The whipsaw is a local example of how the Trump administration is approaching its cost-cutting efforts: A New Hampshire company went from the poster child for waste and inefficiency, to being entrusted with processing sensitive tax return payments — seemingly overnight.
Security and protection
Iron Mountain is by some estimates the largest publicly traded company based in New Hampshire — it’s valued at roughly $28 billion — and yet it rarely makes local headlines.
Of its more than 26,000 employees globally, including at data storage facilities on three continents, the firm only has 45 employees based in New Hampshire.
Its commitment to privacy appears to extend to its headquarters on the Pease Tradeport in Portsmouth, where no signs announce its presence outside its nondescript office building.
The company also declined to answer questions for this story.
Musk didn’t mention Iron Mountain by name during his February press conference, when he made claims about the federal government’s systems for processing retiree paperwork, many of which have been disputed by former employees.
But his focus on this limestone mine in Pennsylvania did send Iron Mountain’s stock price tumbling, falling 10% over the following two days.
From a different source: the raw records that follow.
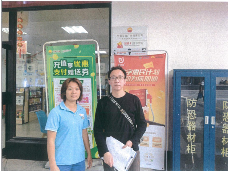
评价公司人员与油站人员合照
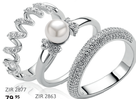
ZIR 2877 79. 95
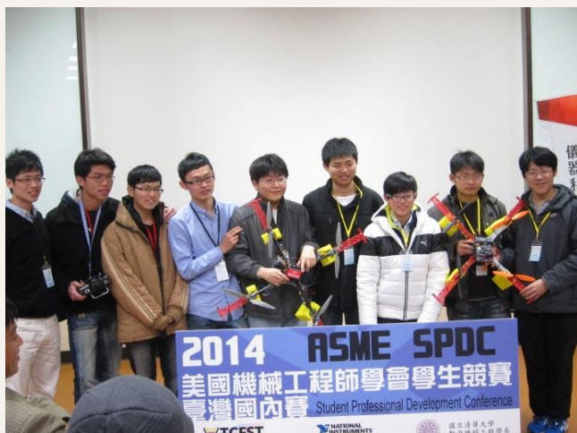
DIT Robotics 獲得 ASME 學生競賽台灣區第一名。

DIT 的意思是 Design In Taiwan，自己設計並實現腦海中的想法，希望能扭轉大家對台灣代工的印象 (Made In Taiwan)，並且同時在清大校園內提倡『動手做』這個概念。DIT 同時也是 Do Improve Try，團隊不只提出創新的想法，同時動手將想法實現，努力改良並且不斷的嘗試。目前團隊全力準備今年 6 月於德國德勒斯登舉辦的全自動機器人大賽 EUROBOT 決賽，希望能藉由參加實作機器人的競賽，磨練實作的能力，增強解決問題的能力，並獲得勝利。
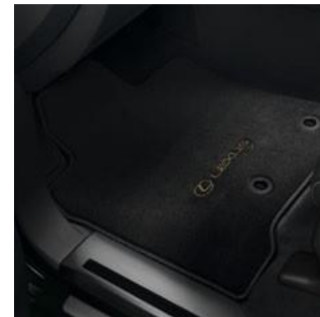
SET DE COVORAȘE DIN MATERIAL TEXTIL PENTRU HABITACLU

Covorașele textile elegante, practice și durabile oferă rafinament interiorului indiferent de vremea de afară și se curăță ușor de murdărie.

According to the company’s website, the mine was formerly used by U.S. Steel until the 1950s. Today, it’s a 200-acre underground storage facility with six miles of paved underground roads. It’s also one of Iron Mountain’s premier locations for storing paper and digital archives, “offering unbeatable levels of security and protection.” The federal government, along with health care and financial services companies, all store records in the mine, as do entertainment companies.
Along with protection from natural disasters, the underground location is cool, minimizing expenses for keeping equipment such as computer servers at safe temperatures. More than 600 people work in the facility, according to local media reports, making it a key driver of the local economy.
Major contract
Following Musk’s remarks, Iron Mountain’s Bill Meany, a former CIA agent, worked to paint a more positive picture of the company.
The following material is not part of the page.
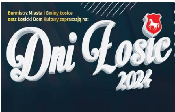
Tegoroczne Dni Łosic zapowiadają się ciekawie.

W sobotę, 20 lipca, impreza rozpocznie się od I Łosickiego Moto Pikniku. Od godziny 16:00 uczestnicy będą mogli podziwiać pokazy najlepszych pojazdów strefy klasyków, akcją ratowniczą OSP, a także skorzy-

He told market analysts that the company was working with more than 200 different federal agencies, and that he saw “growth opportunities” by partnering with DOGE to streamline those operations.
That partnership came to fruition on April 30, when Iron Mountain inked a $142 million deal with the U.S. Treasury to scan and digitize records for the IRS.
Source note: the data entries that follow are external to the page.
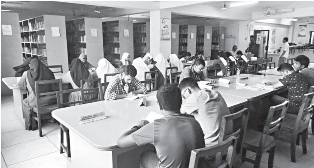
While the early heritage of Annoda Gobinda Public Library has been replaced with modern facilities over the years, one thing that remains unchanged is its crowd of avid readers.
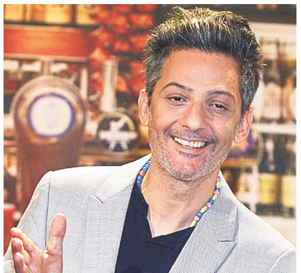
«Volevo fare il calciatore».

Nonostante tutta la fama di cui gode, anche lui ha qualche rimpianto. «Tornando indietro darei più importanza allo studio, anche se allora avevo la necessità di guadagnare e dovevo lavorare. È importante essere curiosi. Personalmente quando mi capita che un amico citi un libro che non conosco corro subito a informarmi o a leggerlo».
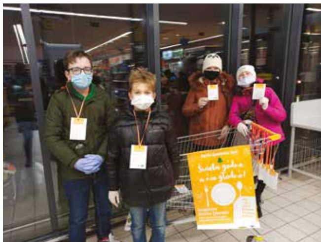
• Zbiórka żywności.

We współpracy z Kieleckim bankiem Żywności i Caritas Diecezji Kieleckiej odbyły się świąteczne zbiórki żywności w Biedronce w Nowinach. W organizację i przeprowadzenie zbiórek aktywnie włączyli się uczniowie i nauczyciele z Zespołu Placówek Oświatowych im. Pierwszej Kompanii Kadrowej w Bolechowicach i Szkoły Podstawowej im. Orłąt Lwowskich w Nowinach. Dzięki zbiórcze udało się zebrać prawie 200 kg żywności i przygotować ponad 20 paczek żywnościowych, które trafią do najbardziej potrzebujących rodzin i osób w naszej gminie. Dziękujemy wszystkim wolontariuszom i opiekunom za wsparcie tej ważnej inicjatywy.

The company declined to answer questions, but a Treasury Department spokesperson said that “reducing paper checks has been a long-standing bipartisan goal that our administration is finally putting into action.”
It isn’t clear if the company’s operations within the Pennsylvania mine, or its work with the government on processing and storing retiree paperwork, has changed following Musk’s critique. In the days following that press conference, Karoline Leavitt, a New Hampshire native currently serving as the president’s press secretary, promised swift action, declaring that Trump would shut down the facility.
Investors seem to discount the possibility of that, however: the company’s stock price has regained all of the value it lost in mid-February.